HomeCooks certifies home cooks to sell food commercially, then freezes and delivers their meals on demand – growing from 28 to 129 active cooks in a year.
ENTRY ANGLES
Replicate HomeCooks model in untapped geographies, focusing on smaller cities with weak aggregator presence · Leverage micro-cook/small producer supply as product creators and grassroots marketers simultaneously · Build platform architecture enabling small producers with local audience access and economic incentive to self-promote
VERTICALS
CAPABILITIES
Logistics network and supply chain management for hyperlocal fulfillment, Platform mechanics to enable producer self-promotion and audience access, Geographic expansion and localization expertise
The food delivery market has a creator problem: platforms depend on restaurants and dark kitchens to generate variety, but any single kitchen runs out of inspiration. HomeCooks solves this by replacing restaurants with independent home cooks.
Every cook on the platform goes through an official certification process that legally permits them to sell food commercially. They prepare meals in large batches – reducing per-unit ingredient costs and time – which HomeCooks then collects, freezes, and stores locally for on-demand delivery. Customers receive meals that require no more than five to ten minutes in a microwave or oven.
The economics are favorable on both sides. Batch cooking keeps food prices between £5 and £8 per dish – roughly half what aggregators like Deliveroo charge. Cooks earn real money without capital investment: solo amateurs can make £600–800 per month preparing 100 dishes, professional cooks £3,000–5,000 preparing 500, and local micro-brands £6,000–9,000 at scale.
Revenue has grown sharply: from £10,000 in Q3 2022 to £105,000 in Q3 2023, with Q4 2023 projected at £158,000. The company's stated goal is £500 million in annual revenue, with a geographic rollout planned through the UK in 2024–25, Europe by 2027, and global markets by 2028. Against that plan, it raised £2.5 million from venture investors in December and has collected £1.5 million in crowdfunding – above its £1.37 million target.
The bottleneck in food delivery isn't demand – it's menu variety. No single restaurant team can sustain perpetual freshness at scale. HomeCooks sidesteps this by treating independent cooks as its supply chain. The platform grew from 28 active cooks in Q3 2022 to 129 in Q3 2023, and HomeCooks expects to expand its catalog from 200 to 500 dishes by end of 2023. The UK alone has roughly 500,000 independent cooks and micro-brands, so supply is not the constraint.
The geographic strategy is equally deliberate. HomeCooks targets smaller towns underserved by major aggregators – places where restaurant choice is limited and delivery coverage thin. This is a pattern worth noting: Omnicart, [reviewed here](/review/ih-v-sotnju-raz-bolshe-no-kak-tuda-vyjti), which raised $1.5 million, built a platform specifically for local micro-entrepreneurs to launch delivery businesses in exactly these underserved markets.
Compared to meal kit services like Gousto or HelloFresh – which offer 50–75 dishes requiring 10–45 minutes of preparation – HomeCooks is positioned as a faster, more varied alternative that still undercuts restaurant delivery on price.
The customer acquisition model is where HomeCooks is genuinely clever. Every cook is also a micro-influencer with skin in the game: they want their food to sell, so they promote it to their own networks and social media followings. That makes each cook a self-funded marketing channel for the platform. Referrals account for a third of new customer sign-ups – a figure that compounds as the cook roster grows.

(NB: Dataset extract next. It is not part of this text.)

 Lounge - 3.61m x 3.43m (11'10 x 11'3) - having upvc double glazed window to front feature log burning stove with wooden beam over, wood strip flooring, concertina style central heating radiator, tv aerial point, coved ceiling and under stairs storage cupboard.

CookUnity, [reviewed previously](/review/kollektiv-protiv-odinochek-i-agregatorov), which raised $121.9 million, and Shef, with $102.3 million raised, validate the same model at larger scale in the US market.
Food delivery is a large and durable market – £18 billion in the UK alone in 2021, $250 billion globally. The problem every platform faces is menu breadth: without genuine variety, repeat order frequency stalls. HomeCooks and its counterparts suggest that recruiting independent cooks as supply is a workable solution.

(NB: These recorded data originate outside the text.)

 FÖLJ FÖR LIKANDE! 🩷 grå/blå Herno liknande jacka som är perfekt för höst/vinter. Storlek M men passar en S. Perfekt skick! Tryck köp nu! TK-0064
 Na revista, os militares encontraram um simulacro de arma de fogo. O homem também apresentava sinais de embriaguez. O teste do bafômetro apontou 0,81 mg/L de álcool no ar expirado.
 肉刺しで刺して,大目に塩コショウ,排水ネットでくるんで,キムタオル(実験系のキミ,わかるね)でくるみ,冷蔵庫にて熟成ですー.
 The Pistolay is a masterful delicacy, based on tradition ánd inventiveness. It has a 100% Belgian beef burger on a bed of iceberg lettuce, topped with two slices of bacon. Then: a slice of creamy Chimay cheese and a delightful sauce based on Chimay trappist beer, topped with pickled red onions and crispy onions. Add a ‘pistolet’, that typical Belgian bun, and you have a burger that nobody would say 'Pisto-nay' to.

The most direct path is replicating this model in a geography HomeCooks hasn't reached. The micro-cook supply exists in virtually every market; the logistics model is repeatable; and focusing on smaller cities – where aggregator presence is weak and local cooks already have community trust – compresses the marketing cost significantly.

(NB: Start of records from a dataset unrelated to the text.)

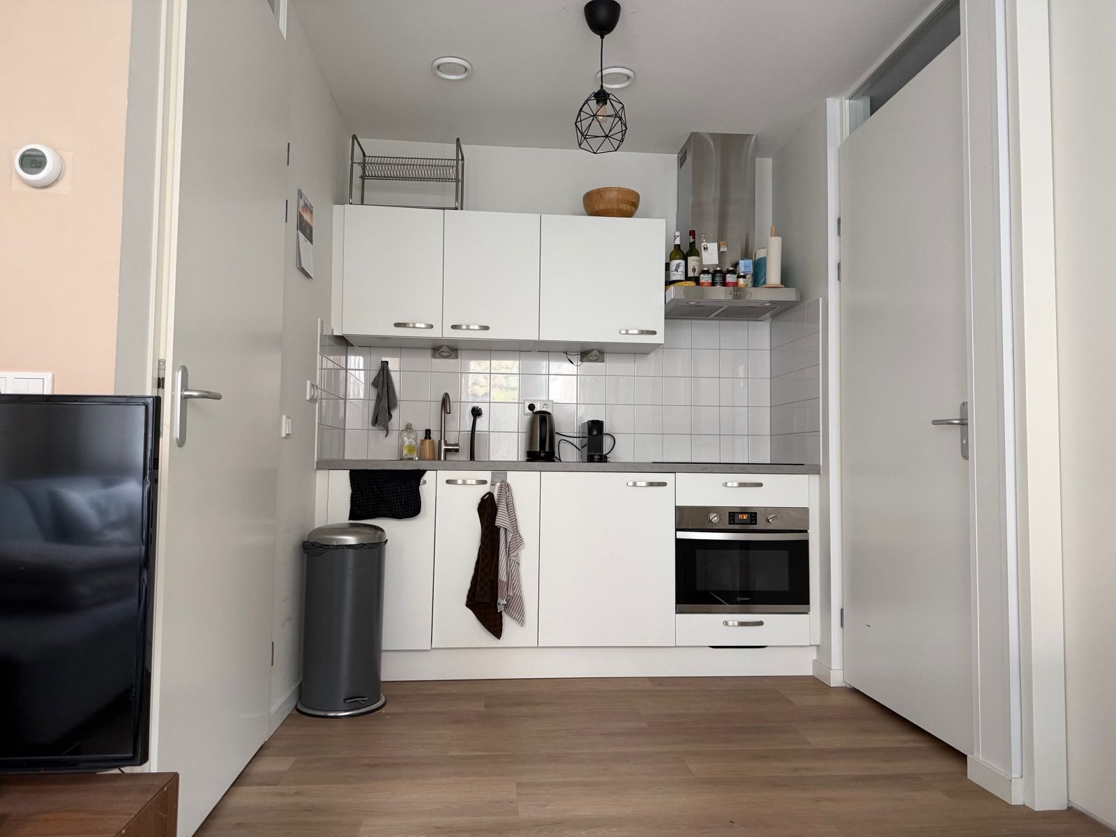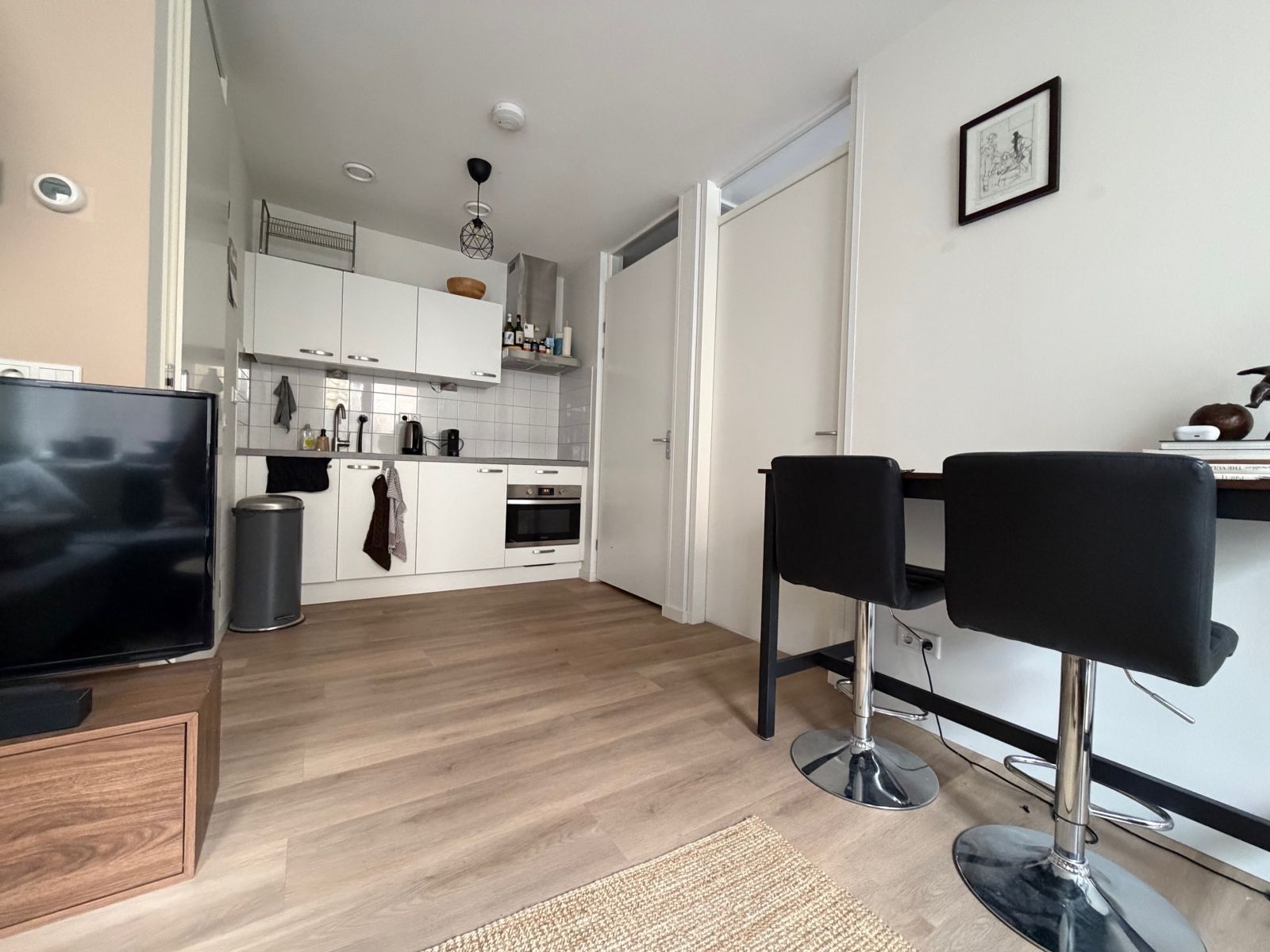 Het appartement is gelegen op de tweede verdieping en heeft een praktische indeling. Via de hal bereik je de lichte woonkamer met open keuken. De moderne keuken is volledig uitgerust met een koelkast, afzuigkap, inductiekookplaat en combi-oven.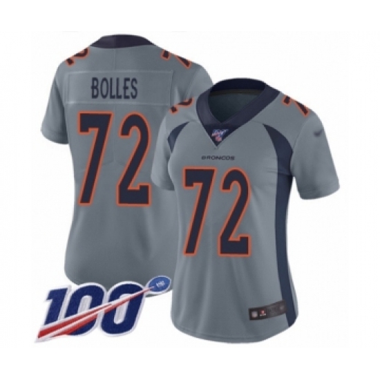>Women's Denver Broncos #72 Garett Bolles Limited Silver Inverted Legend 100th Season Football Jersey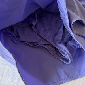 Very cute purple running short with built in brief. Only worn a few times. Washed on delicate and hung to dry. I just don’t run very much anymore and so they just sit in my drawer. Runs tts. Smoke free home.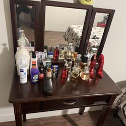 vanity with 3 mirrors, dark brown color.$60Reno, NV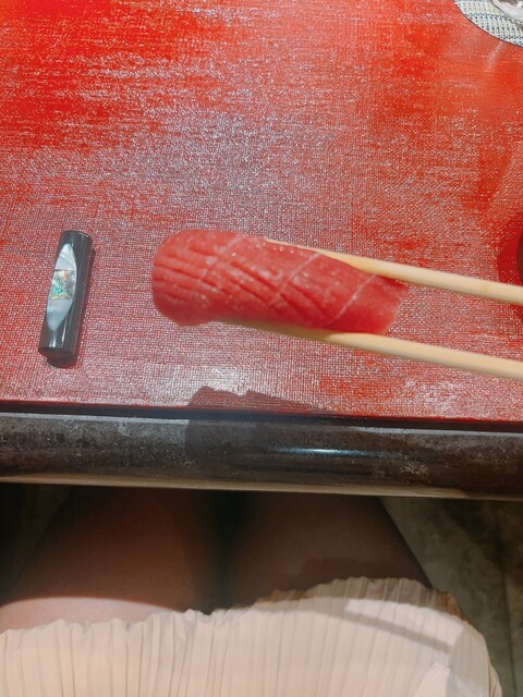 ◯マグロの漬け 目の前で20分漬けられた鮪が握られてきました。今日のはカナダ産、150kg。今の時期は国産より質がいいと思うとのこと。カナダより空輸で、冷凍じゃなく冷蔵で送ってくるそうです。空輸だから冷蔵で送れるそうです。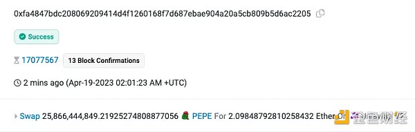 今日 10: 01: 23 時發生在同一個區塊內的兩筆交易可以被視作 jaredfromsubway.eth 的典型操作手法。在 0x4840 開頭的交易中,jaredfromsubway.eth 使用 2.076 ETH 換得了 25,877,592,751 PEPE,然后又在 0xfa48 開頭的交易中將這些 PEPE 全部換得了 2.098 ETH。

The more generative question is structural: HomeCooks works because its cooks are simultaneously product creators and grassroots marketers. That dual role – creator as distribution channel – isn't specific to food. The architecture that makes it work is a platform where many small producers each have audience access at the local level and an economic stake in promoting their own listings. The question is which other categories of goods or services could be organized the same way, generating hyperlocal reach without centralized marketing spend.